This protocol describes the detailed steps for preparing retinal samples for volume electron microscopy, focusing on the structural features of retinal photoreceptor terminals.

Abstract

Volume electron microscopy (Volume EM) has emerged as a powerful tool for visualizing the 3D structure of cells and tissues with nanometer-level precision. Within the retina, various types of neurons establish synaptic connections in the inner and outer plexiform layers. While conventional EM techniques have yielded valuable insights into retinal subcellular organelles, their limitation lies in providing 2D image data, which can hinder accurate measurements. For instance, quantifying the size of three distinct synaptic vesicle pools, crucial for synaptic transmission, is challenging in 2D. Volume EM offers a solution by providing large-scale, high-resolution 3D data. It is worth noting that sample preparation is a critical step in Volume EM, significantly impacting image clarity and contrast. In this context, we outline a sample preparation protocol for the 3D reconstruction of photoreceptor axon terminals in the retina. This protocol includes three key steps: retina dissection and fixation, sample embedding processes, and selection of the area of interest.

Introduction

The retina is densely packed with intertwining neuronal axons and dendrites that form synapses between them1. Microscopy is an indispensable tool for studying retinal anatomy as it has fine, intricate, and small structures. Although electron microscopy (EM) provides unparalleled power to investigate the ultrastructure of subcellular organelles and the accurate localization of specific proteins at the nanometer level2, it produces images limited to the two-dimensional (2D) plane, leading to potential loss of key information.

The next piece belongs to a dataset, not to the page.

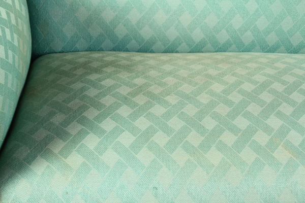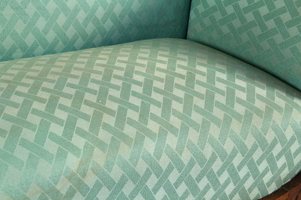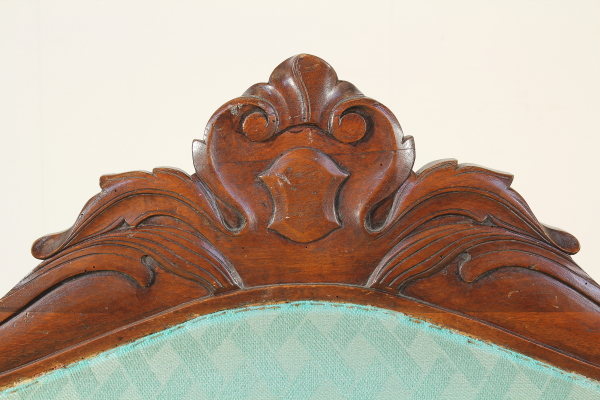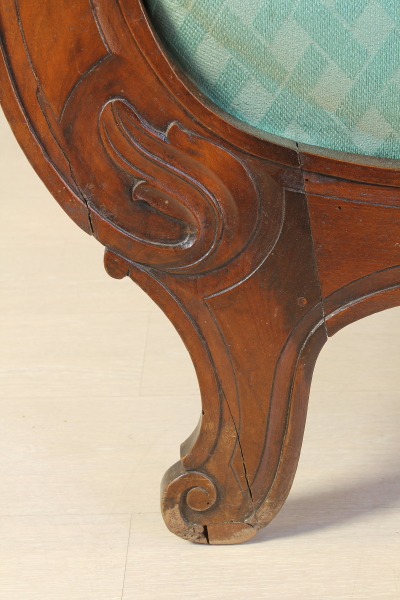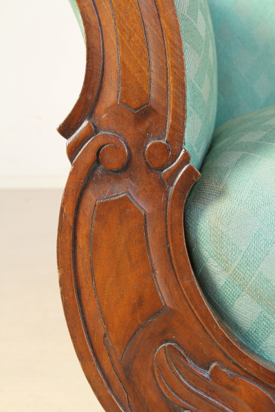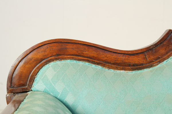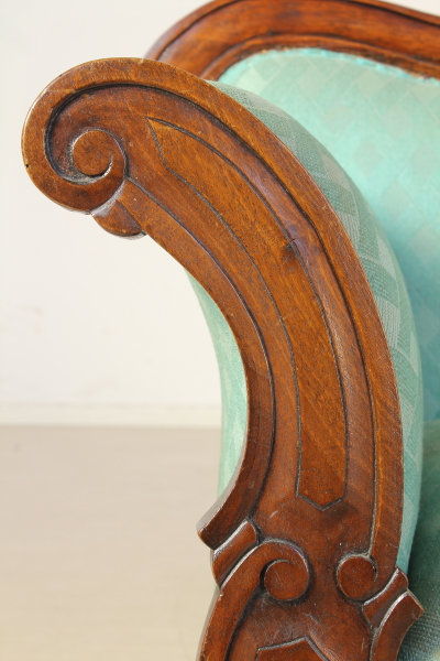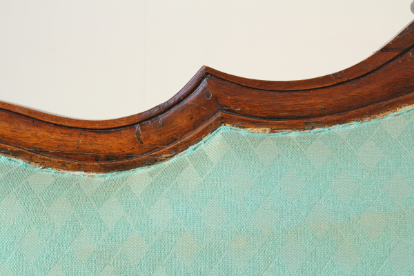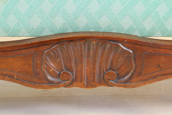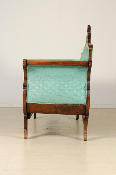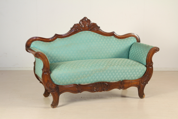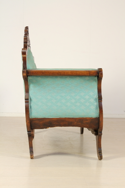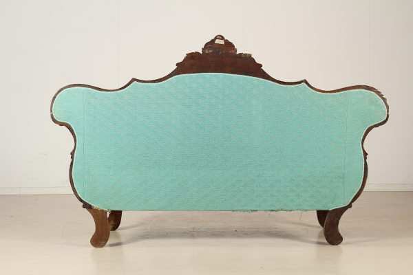 Divanetto "a barca" presenta parte lignea frontale mossa e intagliata. Schienale dalla linea mossa con cimasa intagliata. Sedute, braccioli e schienale intagliati.

The development of emerging high-resolution volume electron microscopy (Volume EM) techniques supports the provision of more comprehensive and larger-scale three-dimensional (3D) structural information. Some 3D EM methods have been recently reviewed by others3,4,5. 3D EM allows for the reconstruction of neuronal shape and connectivity details, enabling precise quantitative analysis of structures of interest. This demonstrates that the data obtained by volume EM are more systematic, complete, and accurate.

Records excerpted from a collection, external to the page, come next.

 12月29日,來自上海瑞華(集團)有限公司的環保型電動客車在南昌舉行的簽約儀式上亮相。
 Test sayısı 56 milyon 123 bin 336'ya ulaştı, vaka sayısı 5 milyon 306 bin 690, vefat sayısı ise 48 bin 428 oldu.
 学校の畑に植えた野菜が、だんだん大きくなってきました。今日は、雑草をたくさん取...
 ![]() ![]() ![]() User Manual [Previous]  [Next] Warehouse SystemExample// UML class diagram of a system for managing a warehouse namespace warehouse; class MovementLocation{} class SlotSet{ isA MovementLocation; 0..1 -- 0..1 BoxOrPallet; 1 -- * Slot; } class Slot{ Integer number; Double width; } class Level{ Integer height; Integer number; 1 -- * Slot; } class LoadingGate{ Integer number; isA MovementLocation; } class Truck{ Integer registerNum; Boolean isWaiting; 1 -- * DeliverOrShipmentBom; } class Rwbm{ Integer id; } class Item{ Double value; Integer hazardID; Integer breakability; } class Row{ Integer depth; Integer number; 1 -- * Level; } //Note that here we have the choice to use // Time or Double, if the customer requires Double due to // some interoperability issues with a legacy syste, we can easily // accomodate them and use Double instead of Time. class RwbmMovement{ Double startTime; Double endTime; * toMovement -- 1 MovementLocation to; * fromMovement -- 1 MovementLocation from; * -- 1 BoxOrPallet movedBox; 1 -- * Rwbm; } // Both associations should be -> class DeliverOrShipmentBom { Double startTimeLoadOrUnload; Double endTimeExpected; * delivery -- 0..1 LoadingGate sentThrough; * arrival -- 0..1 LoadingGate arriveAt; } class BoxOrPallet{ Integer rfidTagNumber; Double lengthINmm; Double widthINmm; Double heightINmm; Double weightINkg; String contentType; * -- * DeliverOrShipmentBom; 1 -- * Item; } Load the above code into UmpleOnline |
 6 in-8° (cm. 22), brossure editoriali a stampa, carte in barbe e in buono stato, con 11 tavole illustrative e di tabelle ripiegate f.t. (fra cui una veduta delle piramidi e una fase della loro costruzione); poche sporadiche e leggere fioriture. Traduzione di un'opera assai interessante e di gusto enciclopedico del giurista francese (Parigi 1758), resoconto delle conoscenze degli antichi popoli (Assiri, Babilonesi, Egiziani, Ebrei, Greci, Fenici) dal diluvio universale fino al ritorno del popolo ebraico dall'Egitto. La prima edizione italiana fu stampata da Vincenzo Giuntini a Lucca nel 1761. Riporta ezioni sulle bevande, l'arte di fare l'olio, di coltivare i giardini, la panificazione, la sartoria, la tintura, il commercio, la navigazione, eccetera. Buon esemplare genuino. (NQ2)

Retinal photoreceptors, constituting the initial neurons in visual signaling6,7, establish synapses with dendrites of second-order bipolar and horizontal cells in the photoreceptor's terminal to facilitate excitatory signals8,9. These terminals, referred to as cone pedicles and rod spherules, encompass three crucial components: mitochondria, synaptic ribbons, and synaptic vesicles. While previous studies have predominantly concentrated on the general structure of ribbon synapses, there has been a notable absence of investigation into the fine structure of major components, including mitochondria, ribbon, vesicle pools, and their spatial organization in terminals10,11,12,13. A precise and systematic analysis of each component, along with an understanding of their inter-association within photoreceptor terminals, is vital for unraveling spatial organization and comprehensively grasping visual processing functions. In photoreceptors, mitochondria are mainly present in the inner segment, cell body, and terminal. We focused here on the mitochondria in the terminal photoreceptors. Focused ion beam scanning electron microscopy (FIB-SEM), a type of volume EM boasting high resolution (x, y, and z resolution < 5 nm) and a relatively large volume flux4,14, stands as a potent tool for accurately visualizing the 3D structure of photoreceptor terminals.

Both FIB-SEM and Serial Block Face Scanning Electron Microscope (SBF-SEM) are Volume EM based on SEM for obtaining the image of tissues by scanning the surface of the sample. The ultrastructural features of a specimen's surface are revealed through the contrast created by the intensity of secondary or backscattered electrons (BSE) when the electron beam scans the sample15. Essentially, detecting BSE or secondary electrons from the cross-section surface of a resin-embedded tissue sample in SEM allows for obtaining images of the embedded sample16,17. When BSE or secondary electrons are less generated, information on the sample surface can only be obtained. Achieving consistent contrast and high-quality serial images necessitates sufficient deposition of heavy metals in the sample. Therefore, specific sample preparation protocols are crucial for subsequent segmentation, 3D reconstruction, and analysis when utilizing SEM for serial imaging. The osmium-thiocarbohydrazide-osmium (OTO) method is a typical sample preparation scheme for 3D electron microscopy of biological samples, preserving the structure of lipid-containing membranes and maintaining good contrast18,19.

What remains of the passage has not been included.